Return the stretch from the line with "融资方面,当日融资买入160" through the line with "Komoda ze systému" in the data below, character for character, skipping all pictures.

BEGIN Exercise input

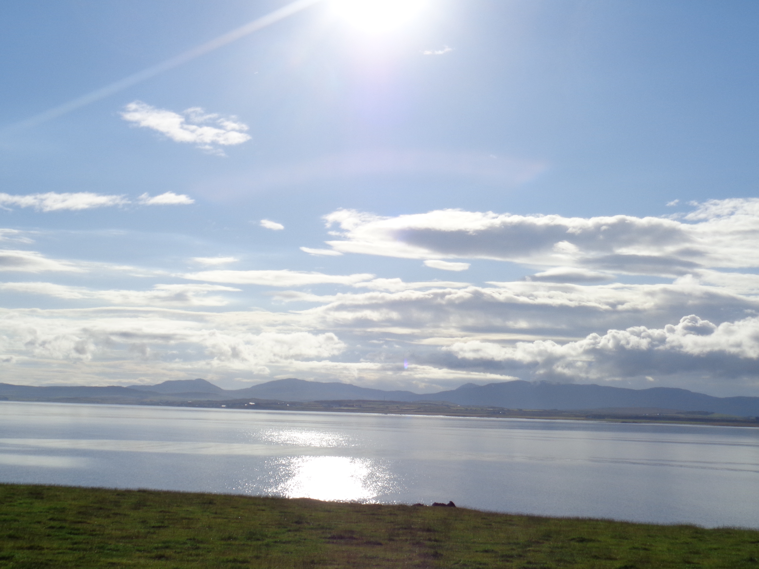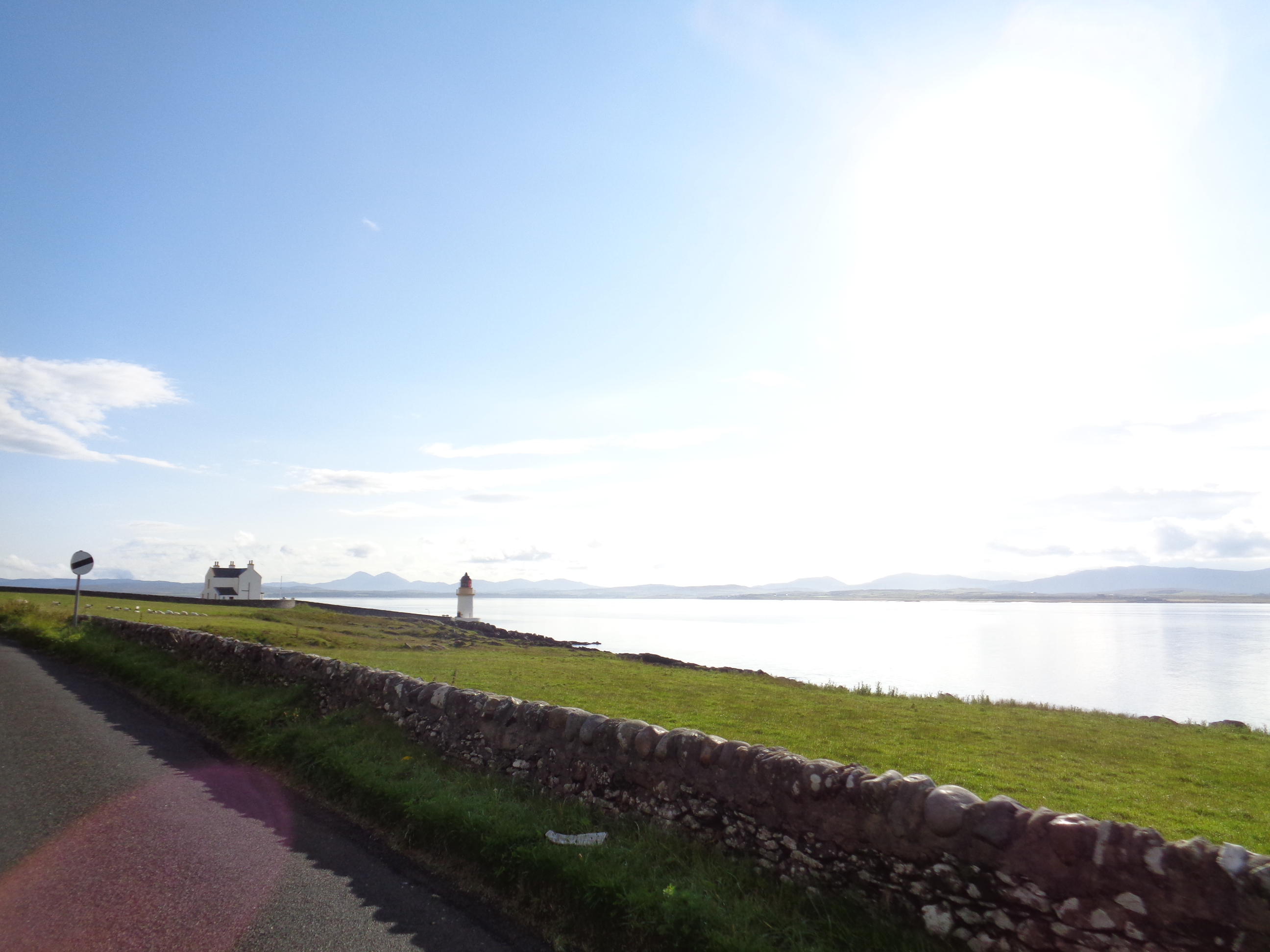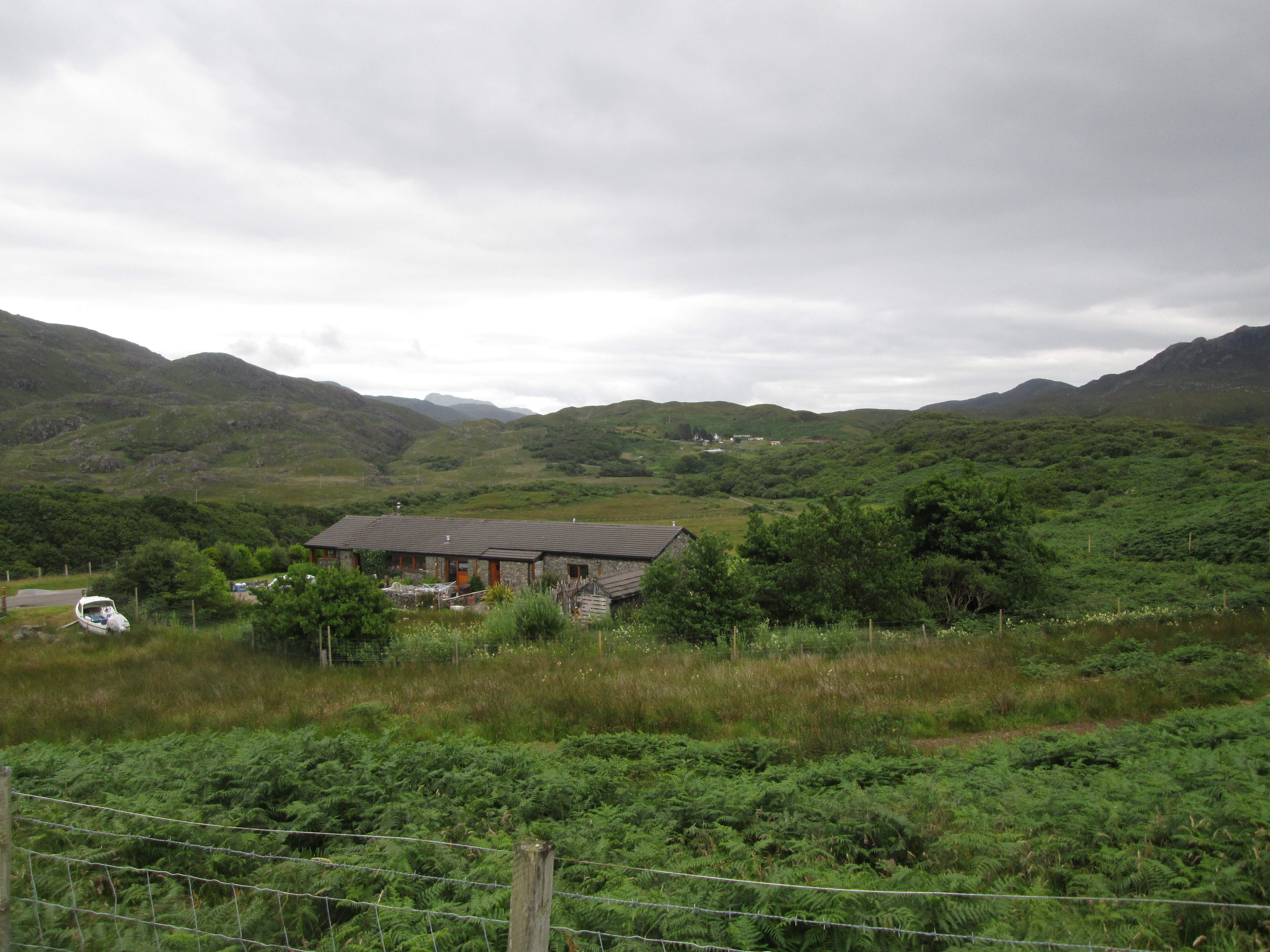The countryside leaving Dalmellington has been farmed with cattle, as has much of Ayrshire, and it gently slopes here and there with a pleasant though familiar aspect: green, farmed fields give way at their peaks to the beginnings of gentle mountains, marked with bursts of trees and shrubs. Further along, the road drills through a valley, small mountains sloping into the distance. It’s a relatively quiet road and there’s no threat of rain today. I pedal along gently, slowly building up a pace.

END Exercise input
BEGIN Exercise input

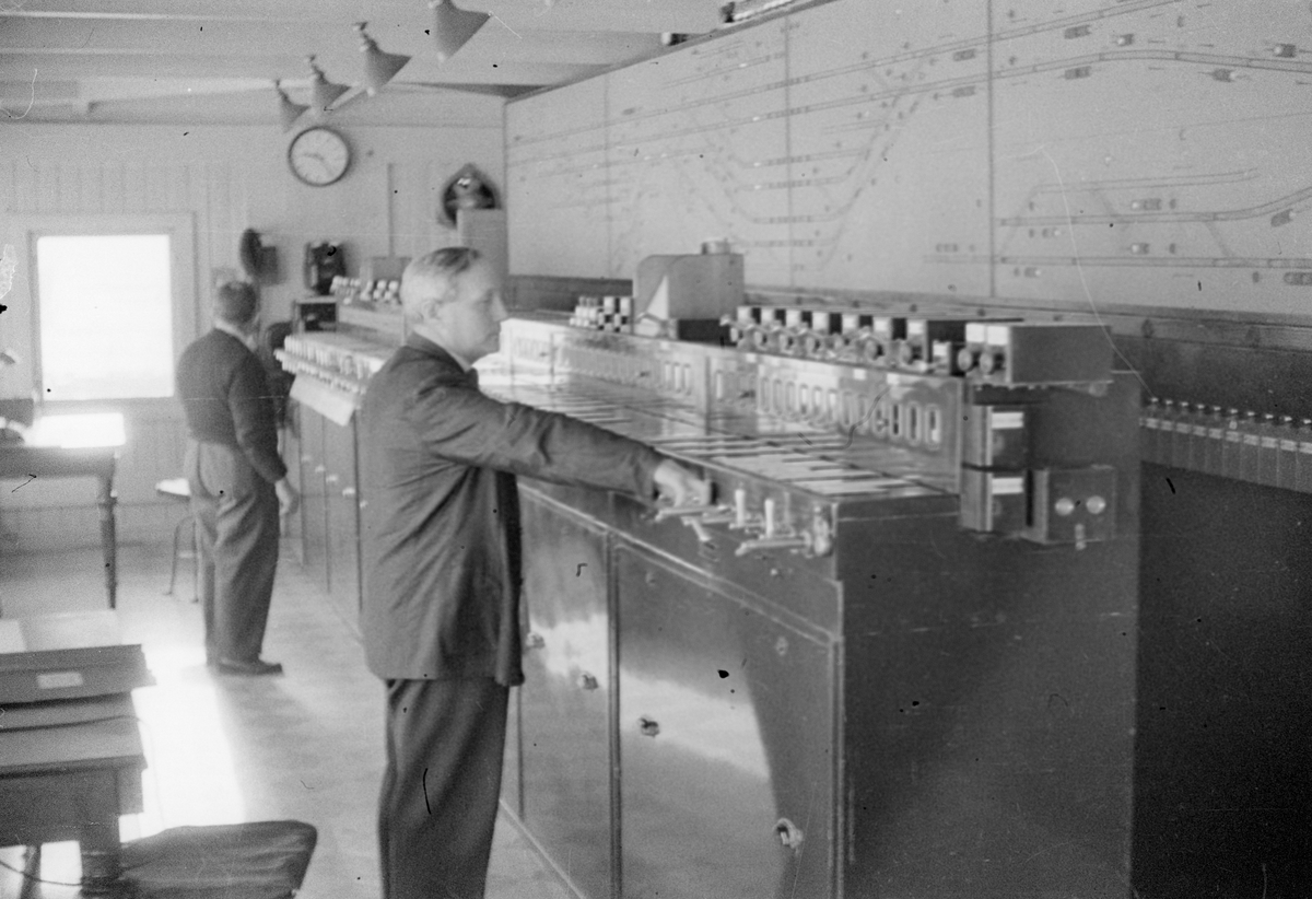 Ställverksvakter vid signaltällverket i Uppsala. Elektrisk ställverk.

END Exercise input
BEGIN Exercise input

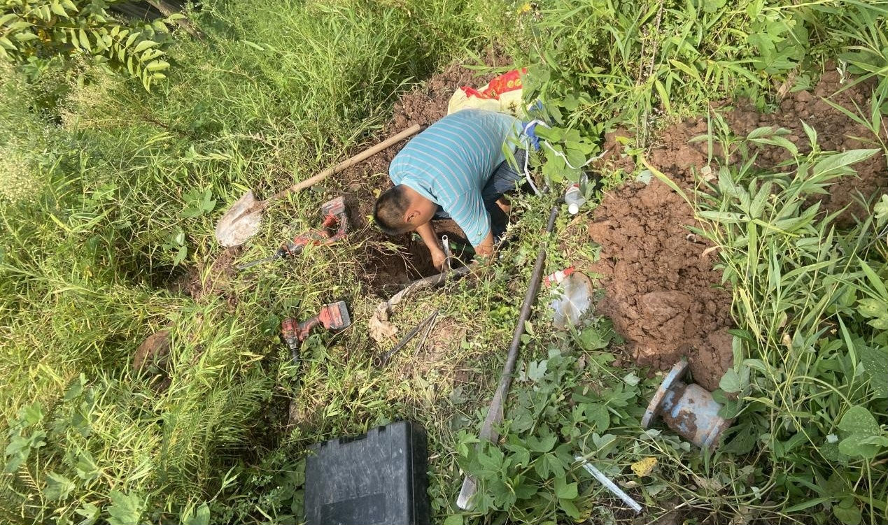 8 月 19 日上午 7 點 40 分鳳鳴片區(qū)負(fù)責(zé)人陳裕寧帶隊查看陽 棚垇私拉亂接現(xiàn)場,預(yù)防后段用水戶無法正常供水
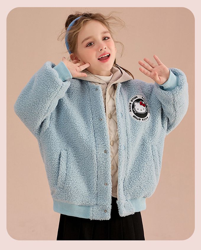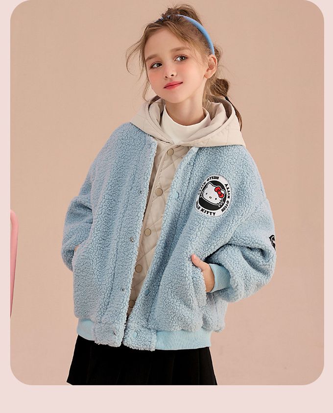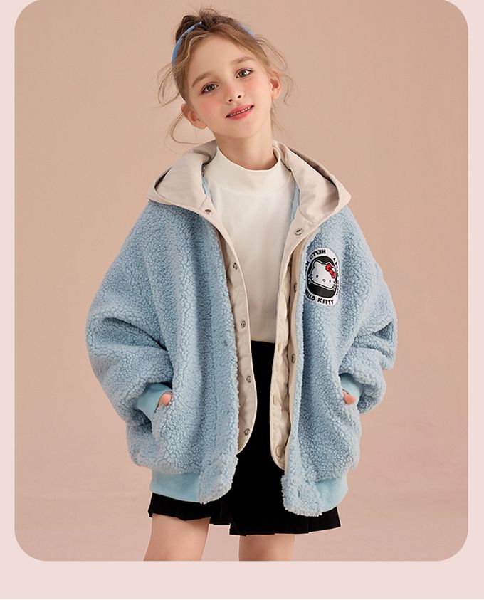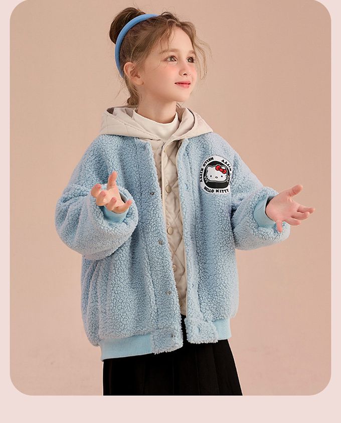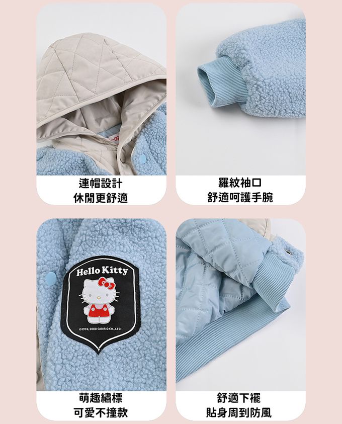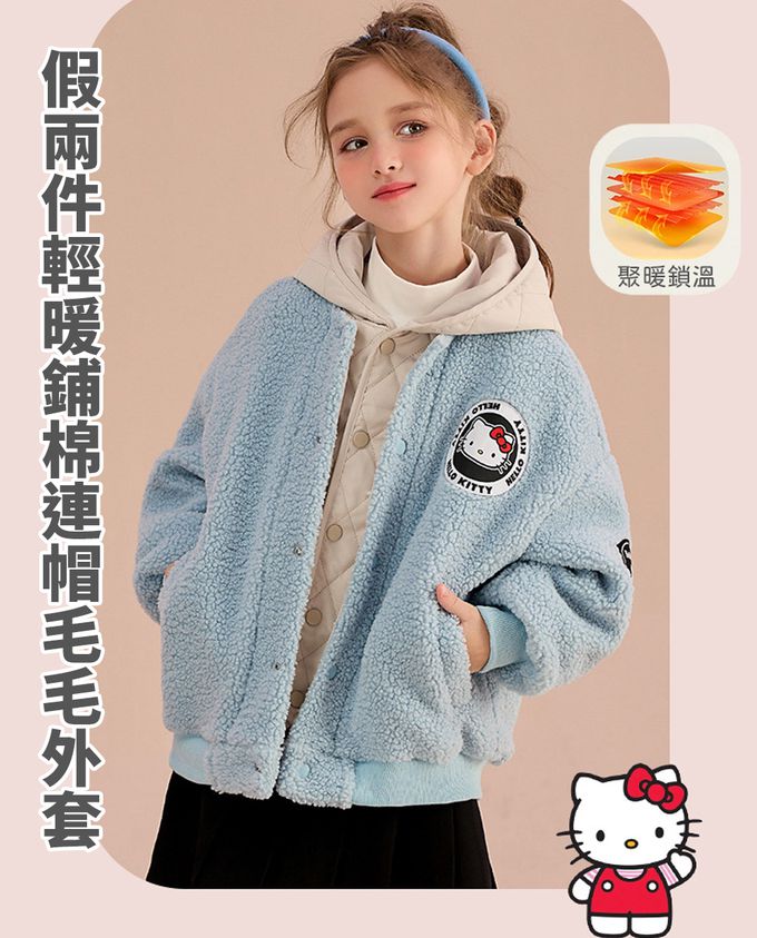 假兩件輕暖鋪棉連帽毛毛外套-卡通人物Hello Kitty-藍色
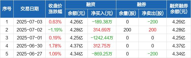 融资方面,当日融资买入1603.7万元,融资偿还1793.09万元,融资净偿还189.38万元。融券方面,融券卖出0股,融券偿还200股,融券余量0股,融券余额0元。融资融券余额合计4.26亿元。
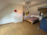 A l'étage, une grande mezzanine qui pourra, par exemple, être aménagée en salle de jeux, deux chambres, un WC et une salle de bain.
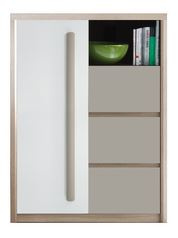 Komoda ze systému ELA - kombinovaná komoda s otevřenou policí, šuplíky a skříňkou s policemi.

END Exercise input

=== Result for this task ===
 融资方面,当日融资买入1603.7万元,融资偿还1793.09万元,融资净偿还189.38万元。融券方面,融券卖出0股,融券偿还200股,融券余量0股,融券余额0元。融资融券余额合计4.26亿元。
 A l'étage, une grande mezzanine qui pourra, par exemple, être aménagée en salle de jeux, deux chambres, un WC et une salle de bain.
 Komoda ze systému ELA - kombinovaná komoda s otevřenou policí, šuplíky a skříňkou s policemi.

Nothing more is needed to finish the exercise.